We want to minimize the combined length of the segments, but notice that this combined length is equal to `max(x_i) - min(x_i) - the gap in between the segments`

. So we just need to maximize the gap, by taking the maximum value of $$$x_{i + 1} - x_i$$$.

In order to do this and handle queries, we can store all of the positions in a set and all of the gaps in a multiset. Then when we add/erase a position $$$x_i$$$, we only have to adjust three gaps: $$$x_{i + 1} - x_i$$$, $$$x_i - x_{i - 1}$$$, and $$$x_{i + 1} - x_{i - 1}$$$.

Code: 92847621. Be careful that when erasing from a multiset, `ms.erase(key)`

removes ALL occurrences of `key`

from the multiset. Instead, we want `ms.erase(ms.find(key))`

.

Given $$$a$$$ and $$$b$$$, let's define big monsters as monsters with $$$d \geq b$$$, and small monsters as monsters with $$$d < b$$$. We will only take damage from monsters that come after the $$$a$$$-th big monster. In particular, if $$$a$$$ is larger than $$$big$$$ (the number of big monsters), we know the answer is immediately 0.

Otherwise, every big monster has a $$$\displaystyle 1 - \frac{a}{big}$$$ chance of doing damage (the chance it is not one of the first $$$a$$$ big monsters). For small monsters, they are equally likely to be in any of the $$$big + 1$$$ gaps before/between/after the big monsters. In the first $$$a$$$ gaps, they will not do any damage, and after that they will. So each small monster has a $$$\displaystyle 1 - \frac{a}{big + 1}$$$ chance of doing damage.
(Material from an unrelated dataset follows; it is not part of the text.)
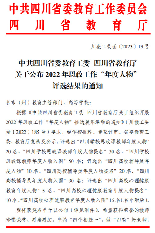 近日,中共四川省委教育工委、四川省教育厅公布了2022 年思政工作“年度人物”评选结果。学院教师王坤容入围“四川学校思政课教师年度人物”,教师张晓惜入围“四川高校辅导员年度人物”,教师王可晖入围“四川高校心理健康教育年度人物”。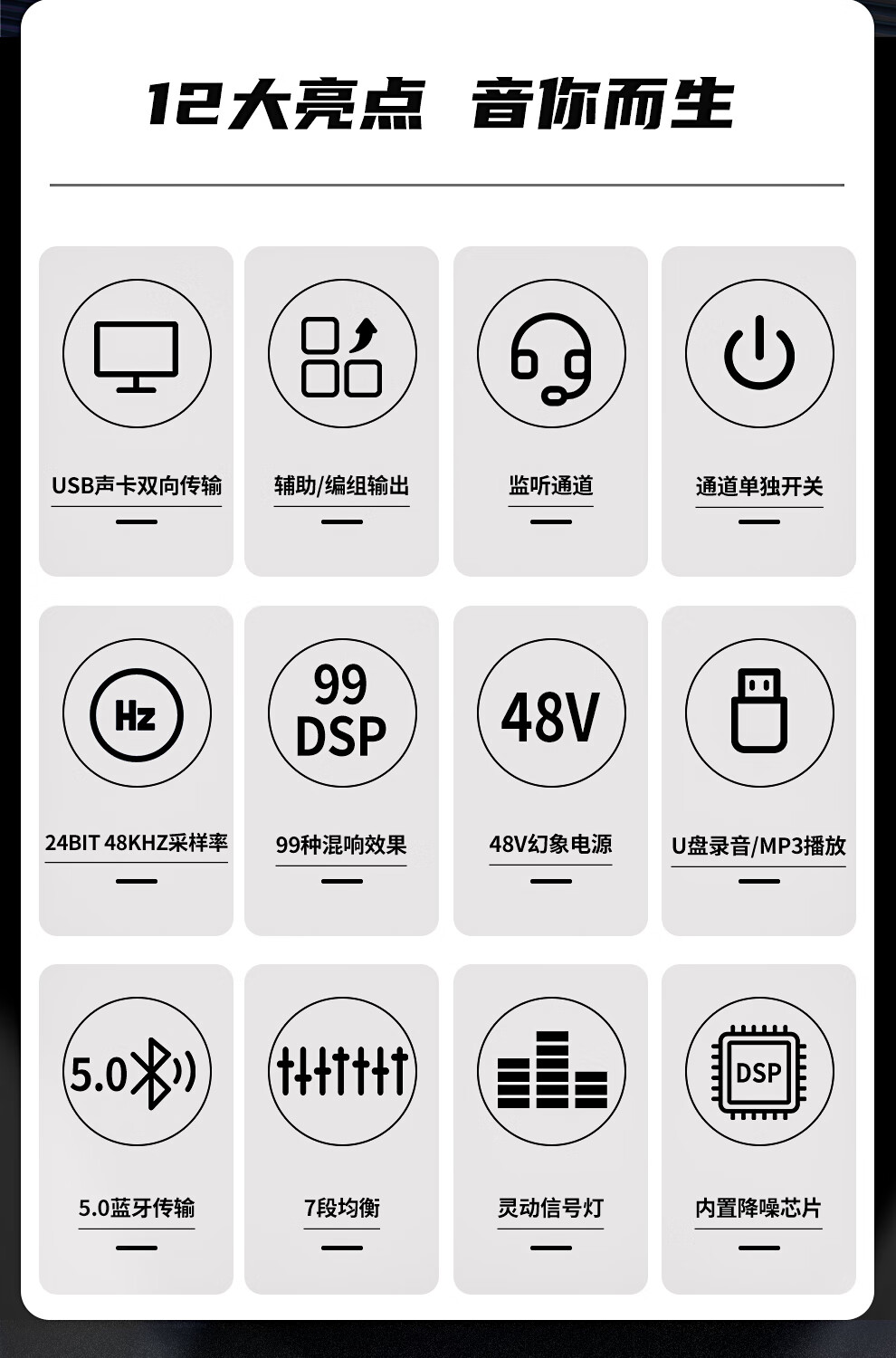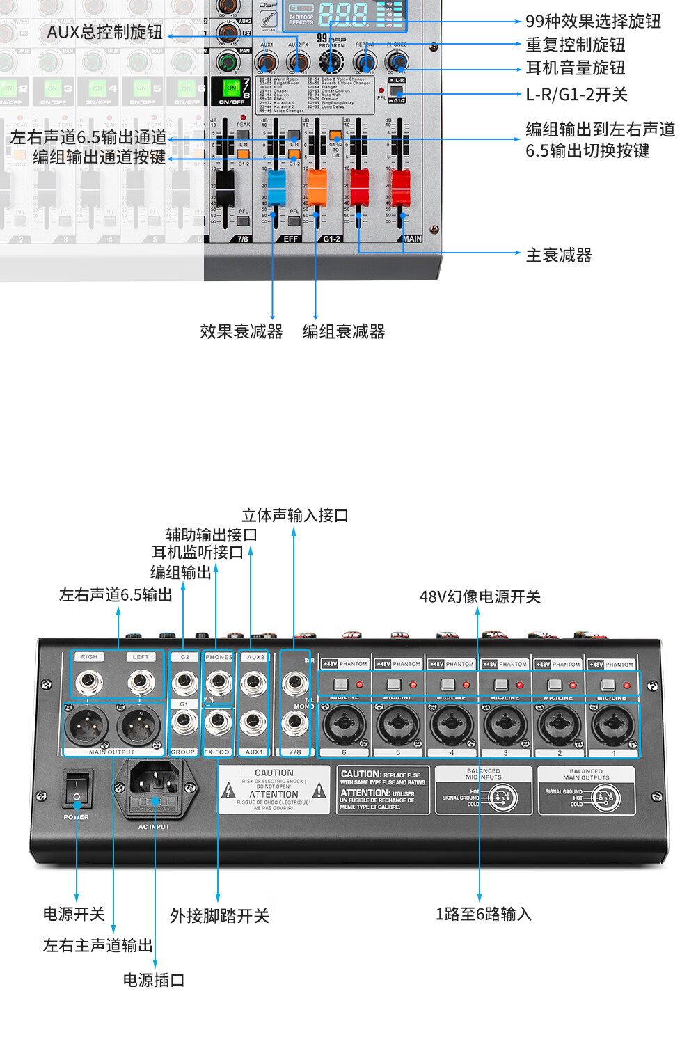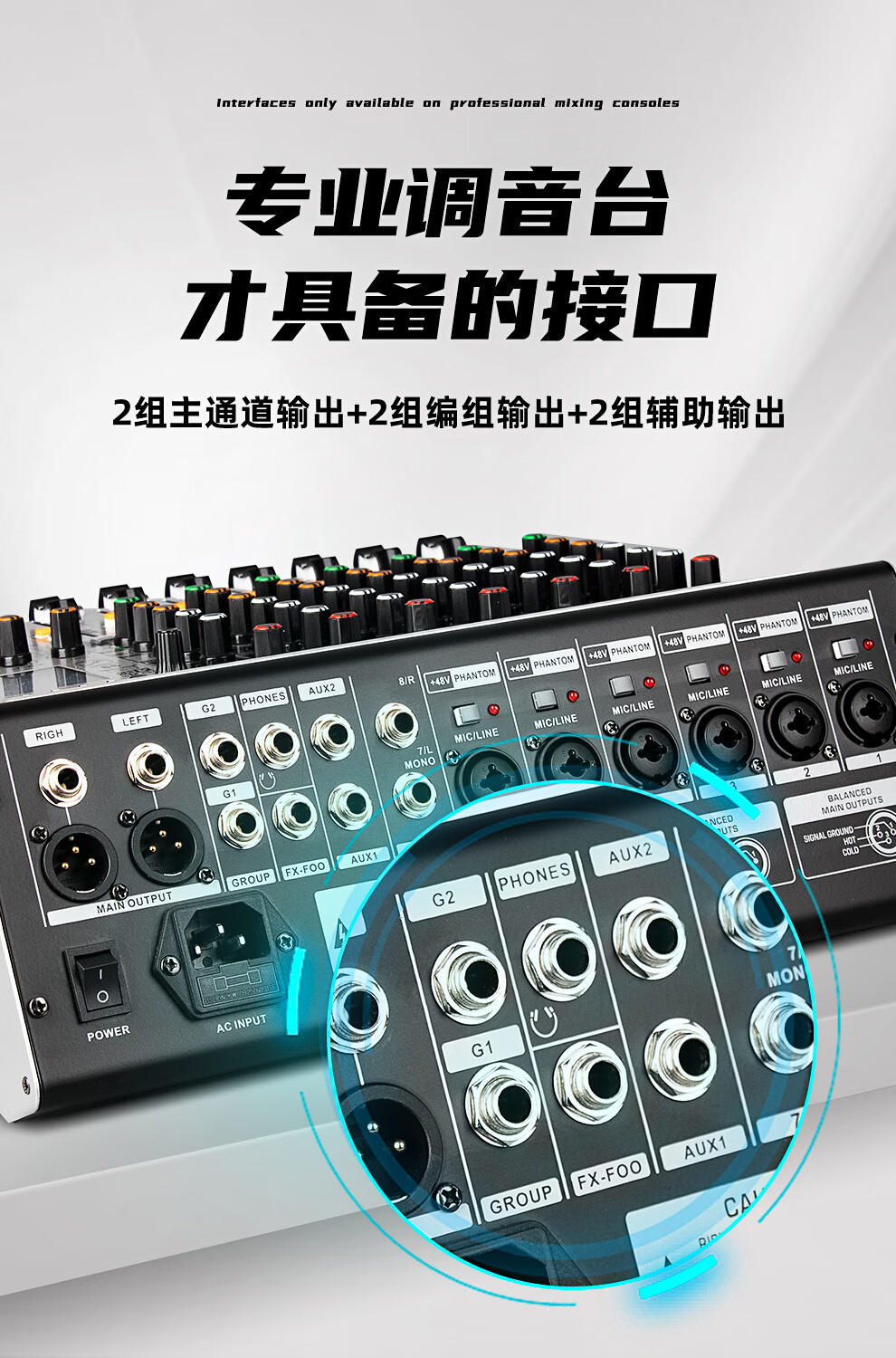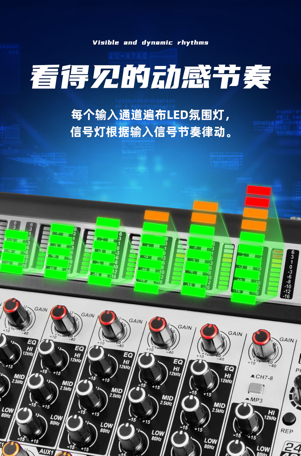 Depu Sheng TX-8 8-way group mixer, professional stage conference, wedding performance, family KTV singing, 99 digital reverb effects, USB computer internal recording, live broadcast, Bluetooth 192k 8-way mixer

So the answer we want is $$$\displaystyle 1 - \frac{a}{big}$$$ times the sum of every big monster, plus $$$\displaystyle 1 - \frac{a}{big + 1}$$$ times the sum of every small monster. We can use prefix sums to quickly get the sum of all small monsters / all big monsters for each query. Code: 92809090

Given a particular value for $$$x_1$$$, we can determine the range of $$$y_1$$$ that would be valid based on the two constraints $$$1 \leq y_1 \leq m$$$ and $$$\displaystyle \frac{L}{x_1} \leq y_1 \leq \frac{R}{x_1}$$$. Let's call it $$$[y_{low}, y_{high}]$$$.

Let's say there exists a valid $$$(x_2, y_2)$$$ that fits the desired constraints such that $$$x_1 y_1 = x_2 y_2$$$. Then if we write $$$\displaystyle \frac{x_2}{x_1} = \frac{a}{b}$$$ as a reduced fraction, we must have that $$$a > b$$$ and that $$$b$$$ is a factor of $$$x_1$$$. Moreover, since $$$x_1 y_1 = x_2 y_2$$$ means that $$$\displaystyle \frac{y_1}{y_2} = \frac{a}{b}$$$, we must also have that $$$a$$$ is a factor of $$$y_1$$$.

If given $$$x_1$$$ we can find $$$y_1$$$, $$$a$$$, and $$$b$$$ that satisfy the above constraints, we are almost done. The only remaining constraint is to ensure that $$$\displaystyle x_2 = x_1 \frac{a}{b} \leq n$$$. So in particular, given values for $$$x_1$$$ and $$$b$$$ (such that $$$b$$$ is a factor of $$$x_1$$$), we want to find the smallest value of $$$a$$$ such that $$$a > b$$$ and $$$a$$$ is a factor of at least one number in our desired $$$y$$$-range $$$[y_{low}, y_{high}]$$$.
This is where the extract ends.